* **Work item**
Find the line with "Photograph-like digital art" in the entries below, then output every line from it down to the line with "rare folding-bed camera", exactly and with no pictures.

* **Data extract**
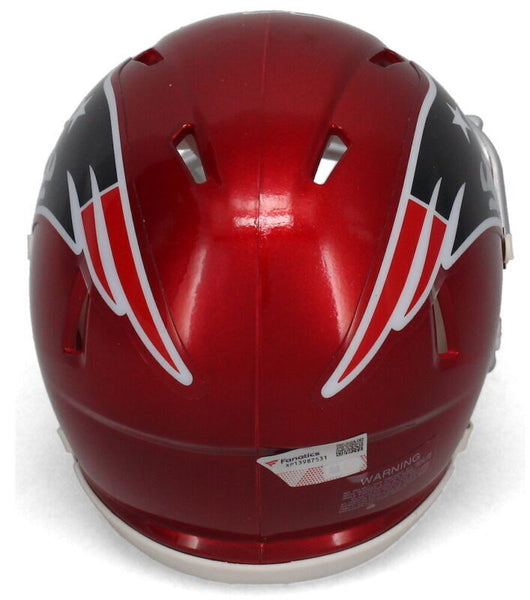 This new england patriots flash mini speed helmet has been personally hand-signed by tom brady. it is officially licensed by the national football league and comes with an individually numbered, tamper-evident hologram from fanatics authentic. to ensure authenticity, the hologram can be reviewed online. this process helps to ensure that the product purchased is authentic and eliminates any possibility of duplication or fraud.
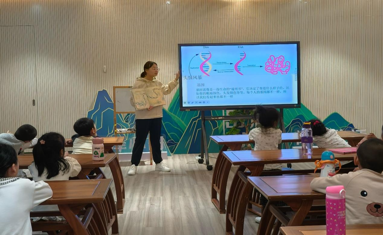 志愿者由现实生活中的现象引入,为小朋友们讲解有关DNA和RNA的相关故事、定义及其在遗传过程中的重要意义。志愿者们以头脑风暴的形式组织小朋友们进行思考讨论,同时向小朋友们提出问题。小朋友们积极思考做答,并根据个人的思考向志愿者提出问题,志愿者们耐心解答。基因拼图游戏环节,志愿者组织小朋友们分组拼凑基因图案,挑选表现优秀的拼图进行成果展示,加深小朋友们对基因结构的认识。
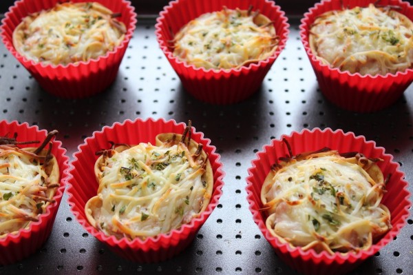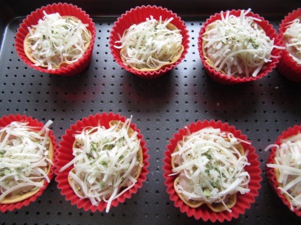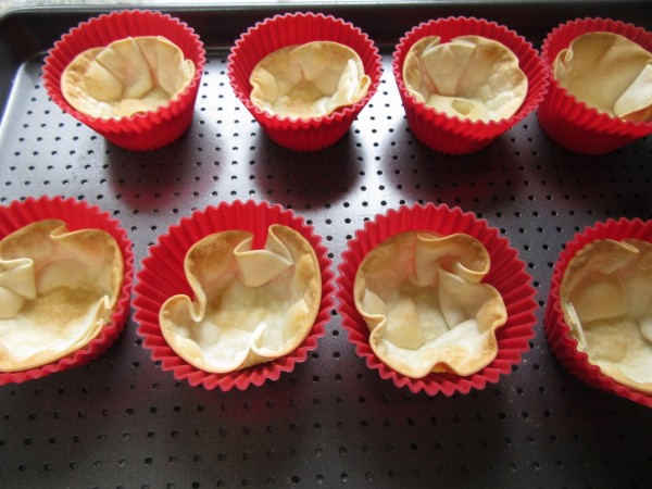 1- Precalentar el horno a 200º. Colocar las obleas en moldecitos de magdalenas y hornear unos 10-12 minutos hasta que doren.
...
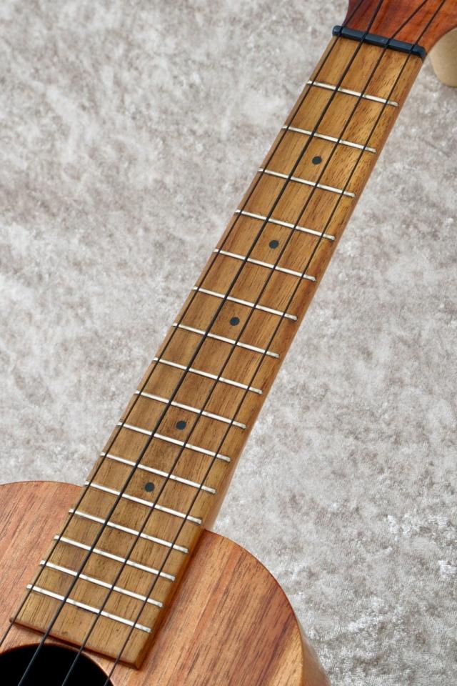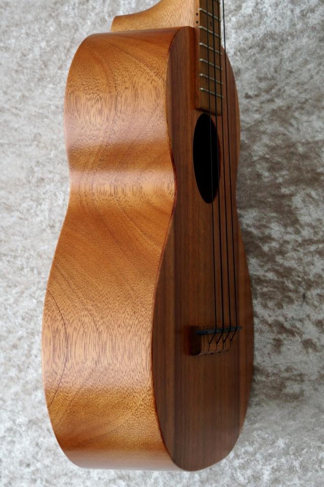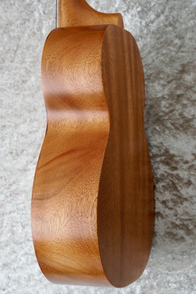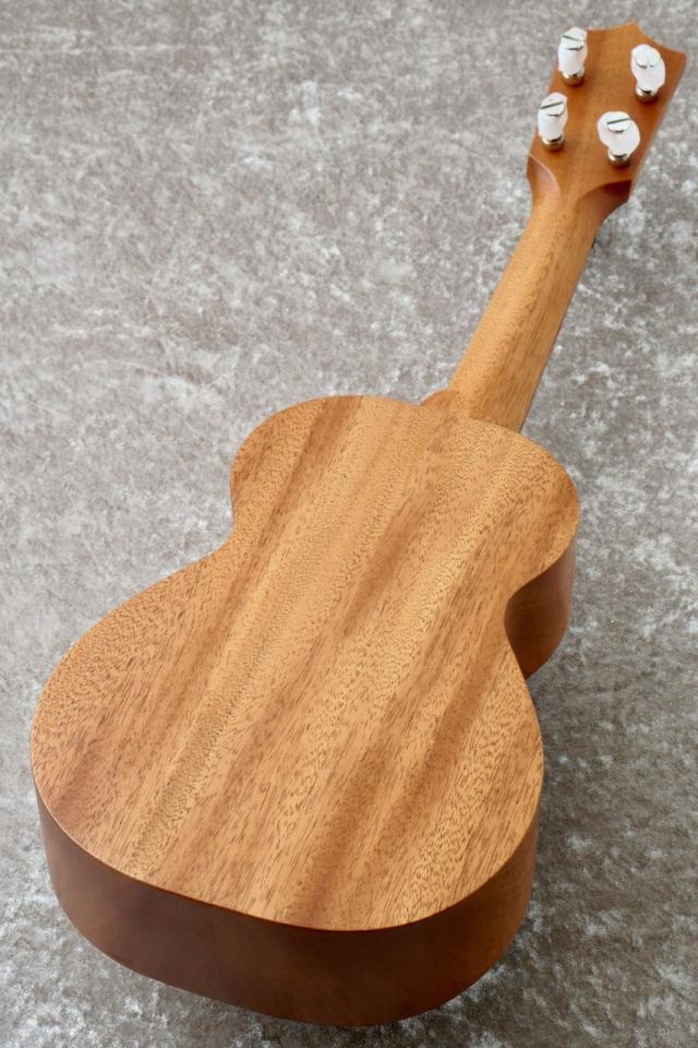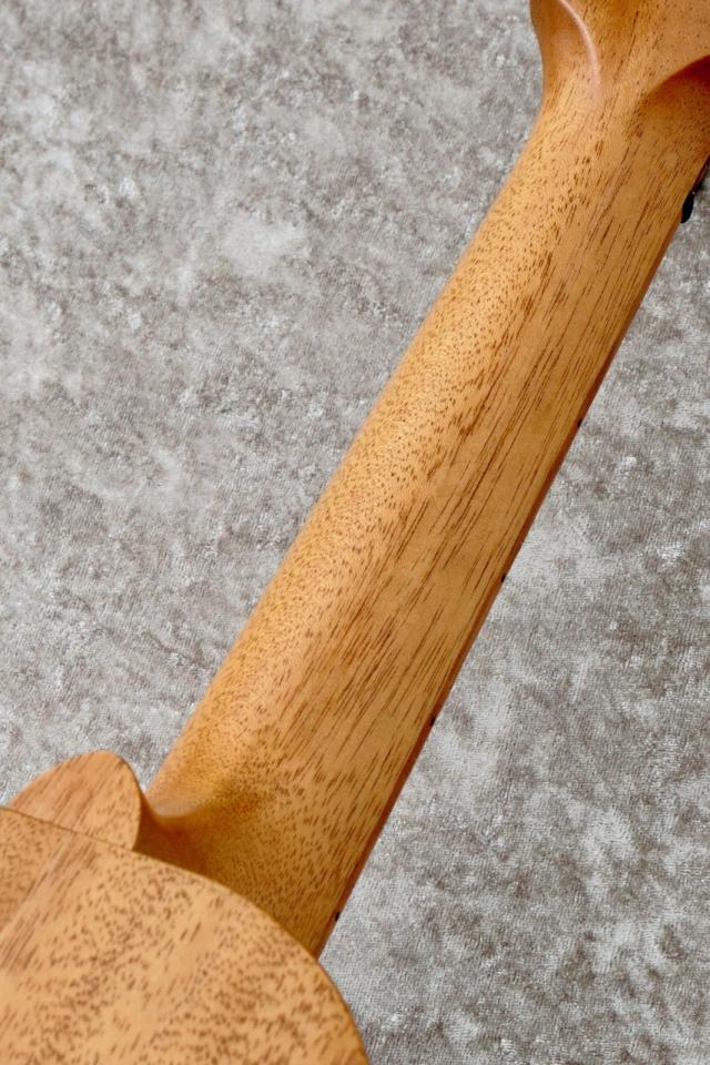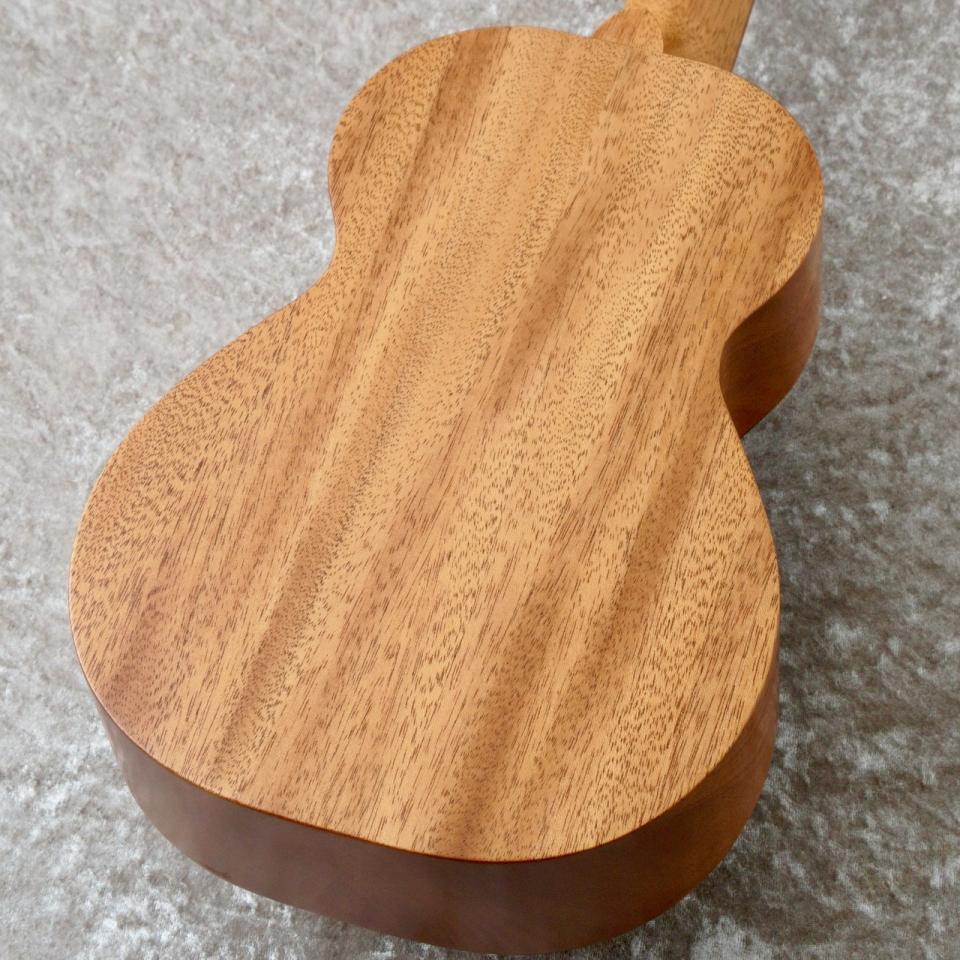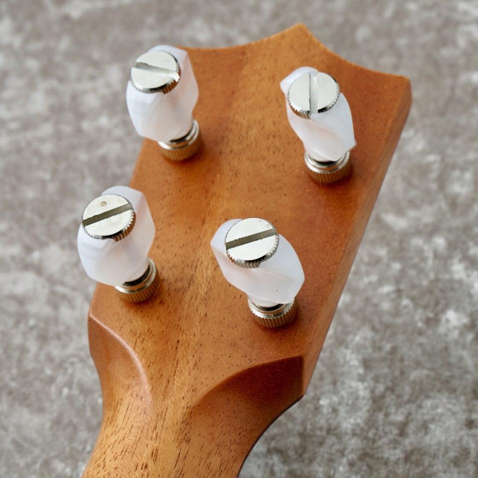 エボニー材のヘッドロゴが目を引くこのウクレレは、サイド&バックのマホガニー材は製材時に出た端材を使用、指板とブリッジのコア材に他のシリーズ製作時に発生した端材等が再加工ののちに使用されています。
...
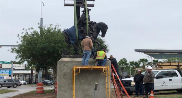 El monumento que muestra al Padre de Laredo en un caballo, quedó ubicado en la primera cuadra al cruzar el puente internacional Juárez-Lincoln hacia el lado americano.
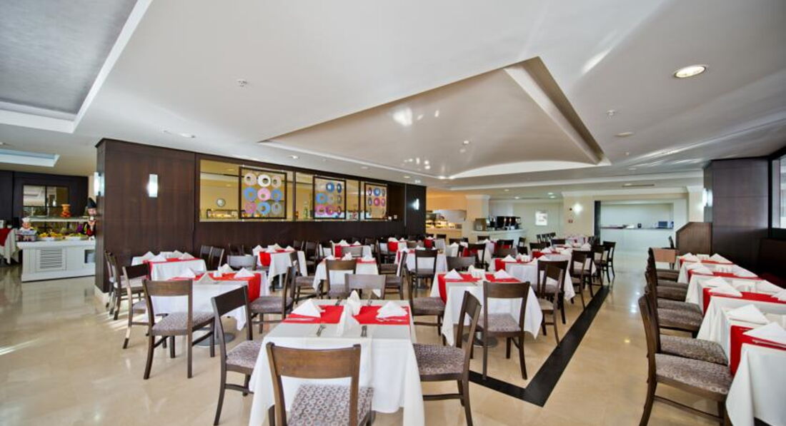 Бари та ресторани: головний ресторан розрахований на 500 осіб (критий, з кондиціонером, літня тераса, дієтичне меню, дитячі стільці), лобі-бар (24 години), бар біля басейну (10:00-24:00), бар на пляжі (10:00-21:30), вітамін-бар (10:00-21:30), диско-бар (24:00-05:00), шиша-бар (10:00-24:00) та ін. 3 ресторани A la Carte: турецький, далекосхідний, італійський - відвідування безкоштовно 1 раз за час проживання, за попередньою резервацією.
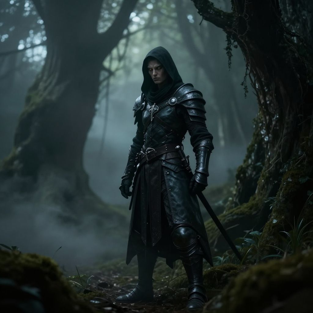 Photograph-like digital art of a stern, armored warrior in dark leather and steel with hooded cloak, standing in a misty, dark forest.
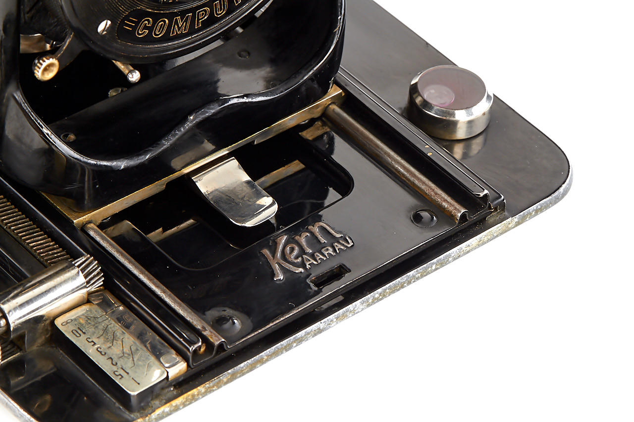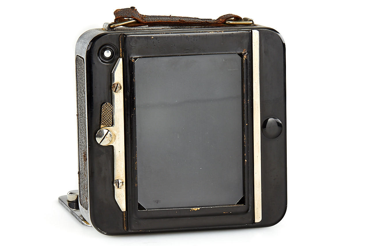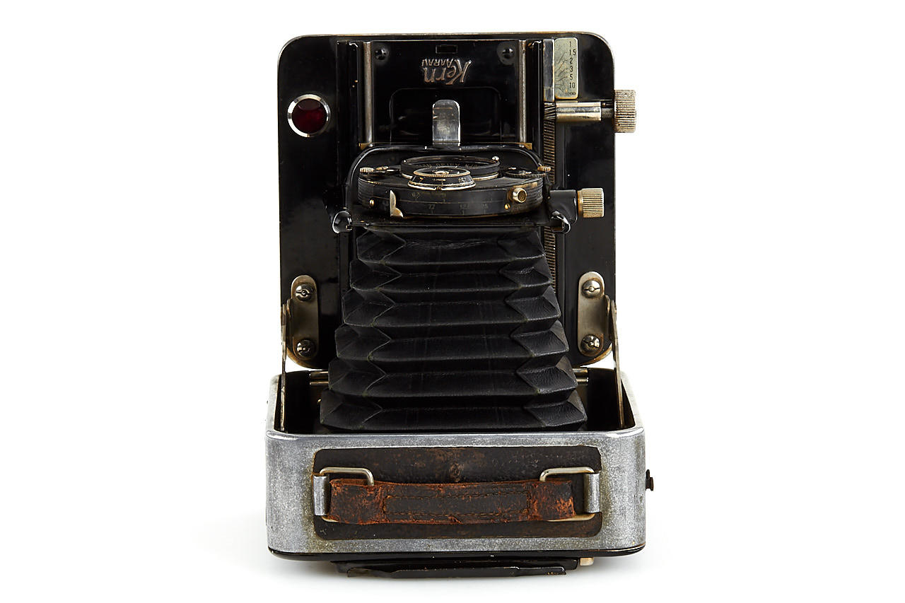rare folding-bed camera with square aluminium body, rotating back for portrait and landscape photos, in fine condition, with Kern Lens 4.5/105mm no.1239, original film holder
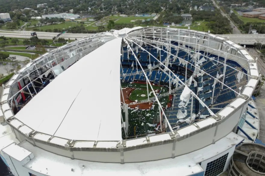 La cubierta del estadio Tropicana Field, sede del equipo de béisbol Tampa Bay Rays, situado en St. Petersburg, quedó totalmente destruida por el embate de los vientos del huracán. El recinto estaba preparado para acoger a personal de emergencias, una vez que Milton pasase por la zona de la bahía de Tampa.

* **Response for this exercise**
 Photograph-like digital art of a stern, armored warrior in dark leather and steel with hooded cloak, standing in a misty, dark forest.
rare folding-bed camera with square aluminium body, rotating back for portrait and landscape photos, in fine condition, with Kern Lens 4.5/105mm no.1239, original film holder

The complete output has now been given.